Underfill adhesives (Figure 1) are manufactured to exacting filler tolerances that are measured by the material’s specific gravity (SG) or density variation and the particle size and shape distribution. A good adhesive is one that demonstrates no discernible density variation from batch to batch or from syringe to syringe. The density of an underfill plays a crucial role in the establishment of the thermo mechanical properties of the FC assembly. If it varies, so may the ultimate reliability of the device. Consider the material’s density as a weighted average of all the SG values in the formula. Epoxy resins have a SG of 1.24, while fillers have a SG above 4.0; therefore, a resin/filler mixture obtains the density of the ratio of its individual components. If the resin/filler ratio varies, the thermal properties vary, which in turn causes the material supplier to reject the batch. A good supplier does not let a material with an improper resin/filler ratio get into the hands of the customer.
The particle size distribution also affects the mechanical properties, the flow-out ability, and the separation/settling characteristics of the adhesive. The pump used to dispense underfill adhesives must not affect the particle size distribution. Lab tests have shown that rotary pumps constructed of hard materials such as tungsten carbide can grind the filler particles to finer sizes, thereby affecting the viscosity of the encapsulation adhesive. Linear positive displacement pumps and time pressure dispensing valves do not affect the adhesive characteristics because there are no grinding wetted parts in the systems.

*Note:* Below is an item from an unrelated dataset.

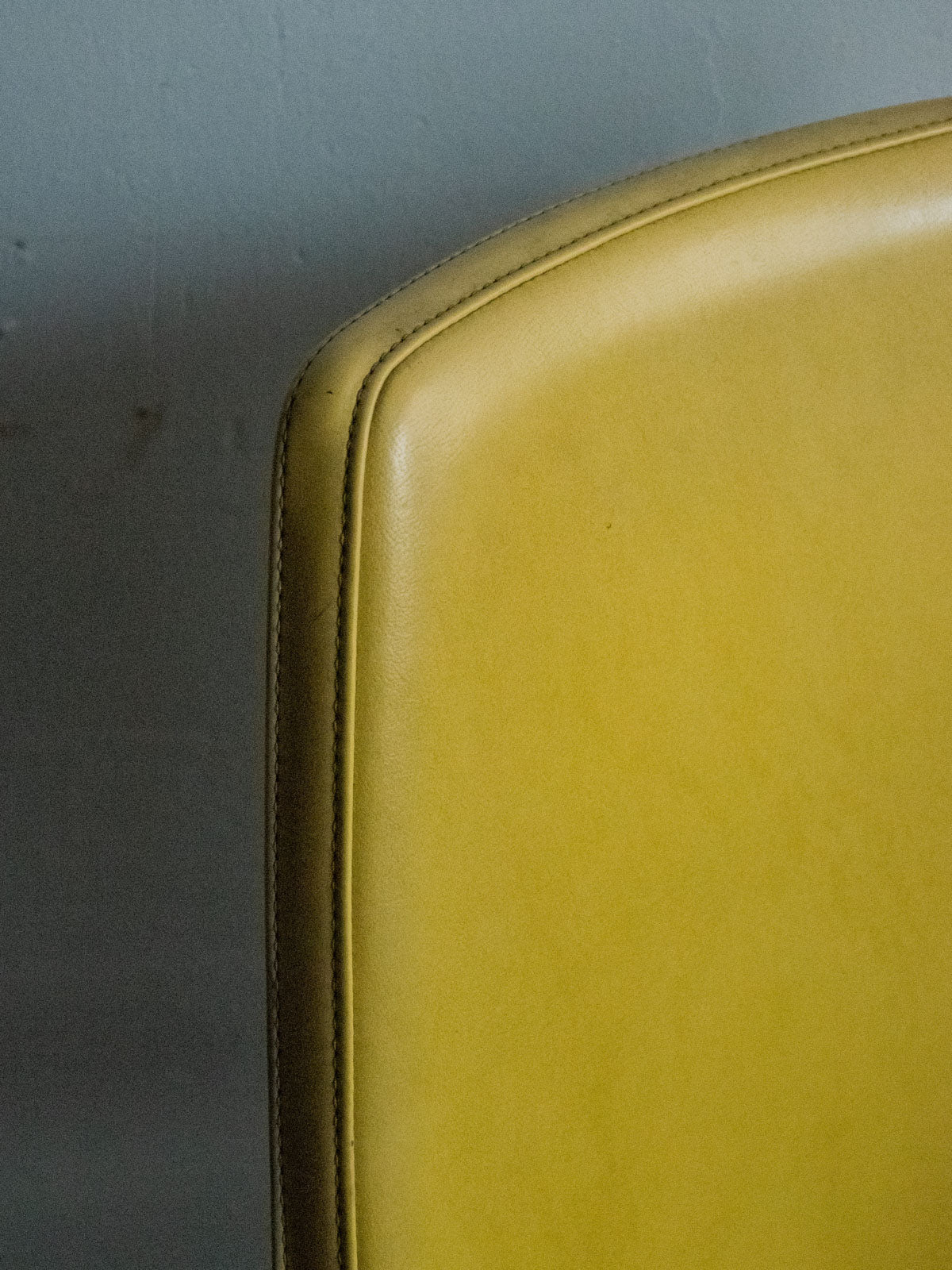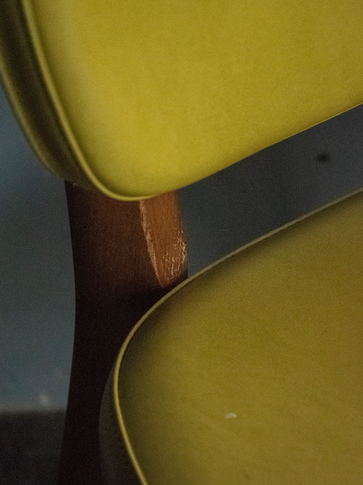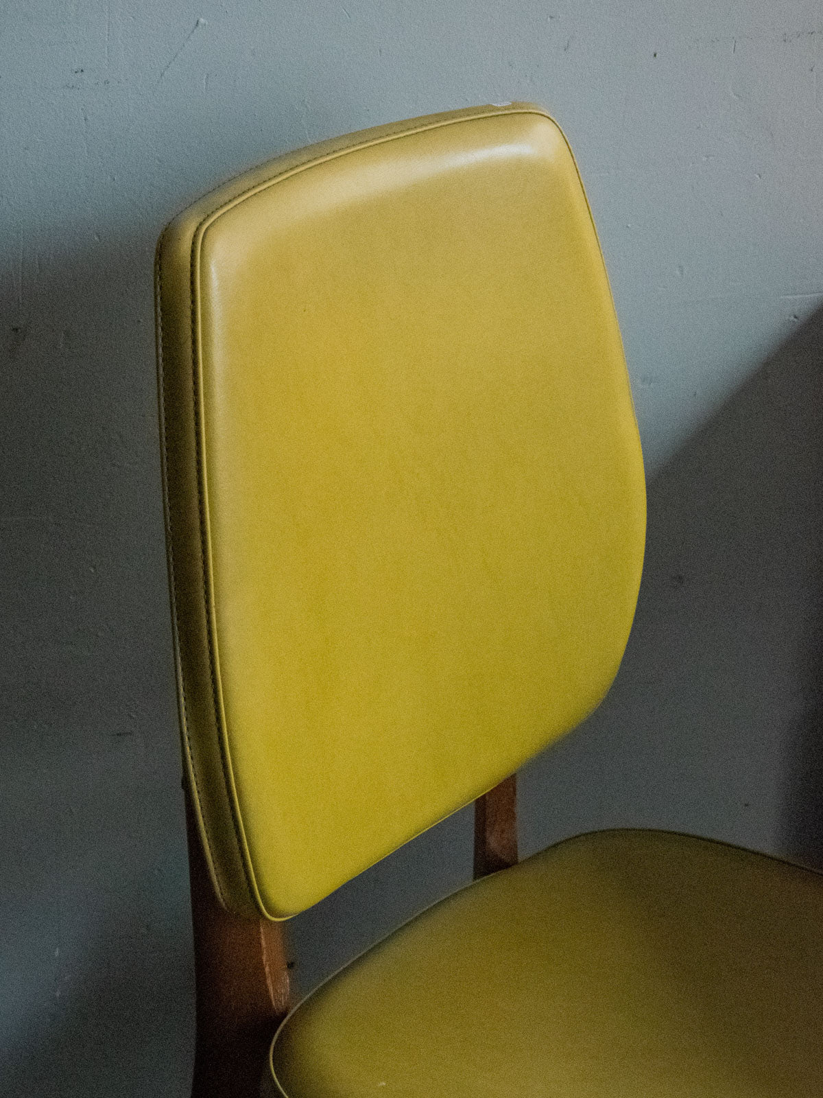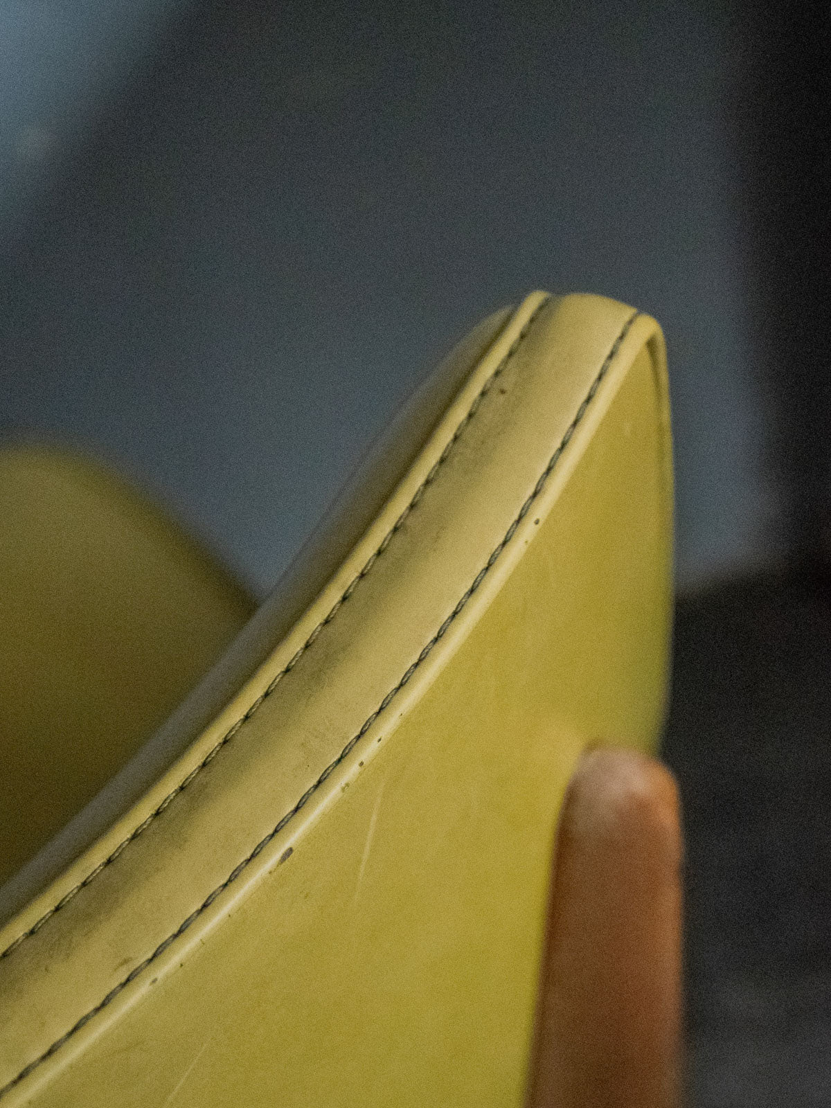 Add a touch of Scandinavian style to your home with this sleek chair. Its green leatherette seat and backrest add a fresh touch, while its wooden frame ensures strength and elegance. Although it shows slight wear, each piece has its own unique character. Available individually, this chair is ideal for complementing your decor or creating a cozy dining area. Two pieces in stock to satisfy all your desires!

In planning the production of a FC device, the design of the underfill process is an important step. There are many ways in which the fluid underfill adhesive can be dispensed around the periphery of the chip. Successful dispensing designs will be both reasonably fast and unlikely to result in underfill-related defects.
The simplest method is to dispense the fluid underfill material along a single edge of the device. Since the material has a single wavefront as it flows by capillary action between the substrate and the chip face, the formation of bubbles or unfilled regions is minimized. Drawbacks are that flow along a single wavefront may be slower than other methods, and that the initial fillet where the fluid material is dispensed may become large and unwieldy.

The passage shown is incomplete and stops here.